Work request:
The output should match, line for line, the records from the line containing "Kristian Kirpal, Präsident" through the line containing "All monoterpene indole", with every picture left out.

Records provided:
[Start of section]

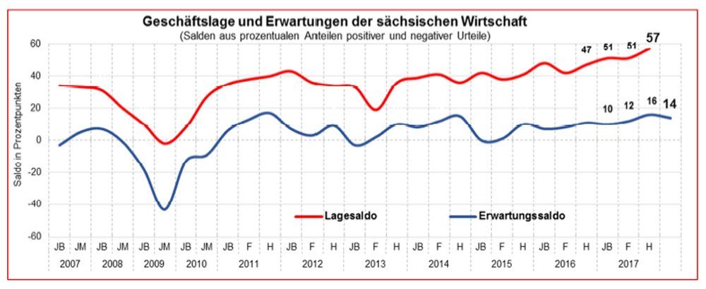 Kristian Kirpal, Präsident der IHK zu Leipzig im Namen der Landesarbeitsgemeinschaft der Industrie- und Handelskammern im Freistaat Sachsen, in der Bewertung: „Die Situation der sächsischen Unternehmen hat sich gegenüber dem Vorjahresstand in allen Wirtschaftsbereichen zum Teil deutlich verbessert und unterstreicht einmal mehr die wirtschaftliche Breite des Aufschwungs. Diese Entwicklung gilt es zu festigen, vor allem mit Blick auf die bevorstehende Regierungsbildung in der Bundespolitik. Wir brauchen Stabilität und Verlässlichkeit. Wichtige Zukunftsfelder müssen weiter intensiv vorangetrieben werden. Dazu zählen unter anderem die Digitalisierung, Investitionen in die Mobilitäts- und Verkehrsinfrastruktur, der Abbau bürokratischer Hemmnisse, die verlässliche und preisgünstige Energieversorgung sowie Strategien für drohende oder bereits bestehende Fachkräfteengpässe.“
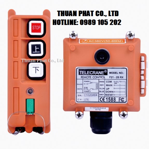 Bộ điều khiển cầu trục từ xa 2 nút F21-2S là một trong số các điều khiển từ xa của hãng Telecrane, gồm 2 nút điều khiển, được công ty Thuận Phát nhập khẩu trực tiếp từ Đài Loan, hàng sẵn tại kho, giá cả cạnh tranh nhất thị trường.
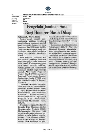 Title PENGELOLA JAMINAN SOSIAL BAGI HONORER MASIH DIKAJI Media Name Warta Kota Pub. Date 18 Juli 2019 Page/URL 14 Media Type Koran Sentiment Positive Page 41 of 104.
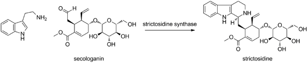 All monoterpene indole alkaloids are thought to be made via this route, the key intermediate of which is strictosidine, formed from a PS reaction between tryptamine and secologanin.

[End of section]
[Start of section]

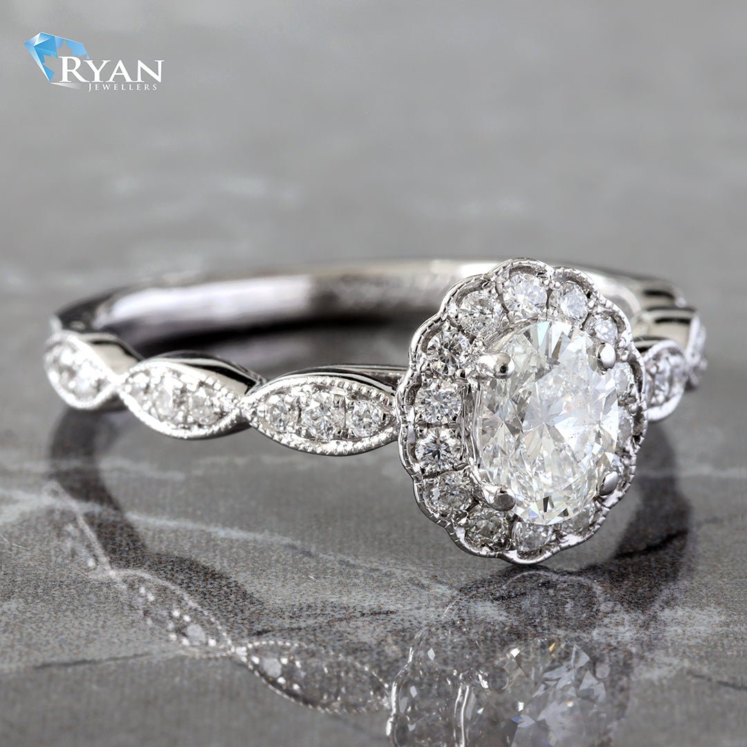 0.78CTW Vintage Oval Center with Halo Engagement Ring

[End of section]
[Start of section]

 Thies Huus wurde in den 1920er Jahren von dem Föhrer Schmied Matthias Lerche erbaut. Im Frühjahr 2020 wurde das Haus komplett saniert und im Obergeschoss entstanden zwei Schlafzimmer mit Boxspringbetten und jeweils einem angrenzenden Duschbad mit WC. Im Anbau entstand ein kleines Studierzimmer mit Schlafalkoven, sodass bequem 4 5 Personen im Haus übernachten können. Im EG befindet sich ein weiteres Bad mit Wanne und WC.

[End of section]

Task result:
 Kristian Kirpal, Präsident der IHK zu Leipzig im Namen der Landesarbeitsgemeinschaft der Industrie- und Handelskammern im Freistaat Sachsen, in der Bewertung: „Die Situation der sächsischen Unternehmen hat sich gegenüber dem Vorjahresstand in allen Wirtschaftsbereichen zum Teil deutlich verbessert und unterstreicht einmal mehr die wirtschaftliche Breite des Aufschwungs. Diese Entwicklung gilt es zu festigen, vor allem mit Blick auf die bevorstehende Regierungsbildung in der Bundespolitik. Wir brauchen Stabilität und Verlässlichkeit. Wichtige Zukunftsfelder müssen weiter intensiv vorangetrieben werden. Dazu zählen unter anderem die Digitalisierung, Investitionen in die Mobilitäts- und Verkehrsinfrastruktur, der Abbau bürokratischer Hemmnisse, die verlässliche und preisgünstige Energieversorgung sowie Strategien für drohende oder bereits bestehende Fachkräfteengpässe.“
 Bộ điều khiển cầu trục từ xa 2 nút F21-2S là một trong số các điều khiển từ xa của hãng Telecrane, gồm 2 nút điều khiển, được công ty Thuận Phát nhập khẩu trực tiếp từ Đài Loan, hàng sẵn tại kho, giá cả cạnh tranh nhất thị trường.
 Title PENGELOLA JAMINAN SOSIAL BAGI HONORER MASIH DIKAJI Media Name Warta Kota Pub. Date 18 Juli 2019 Page/URL 14 Media Type Koran Sentiment Positive Page 41 of 104.
 All monoterpene indole alkaloids are thought to be made via this route, the key intermediate of which is strictosidine, formed from a PS reaction between tryptamine and secologanin.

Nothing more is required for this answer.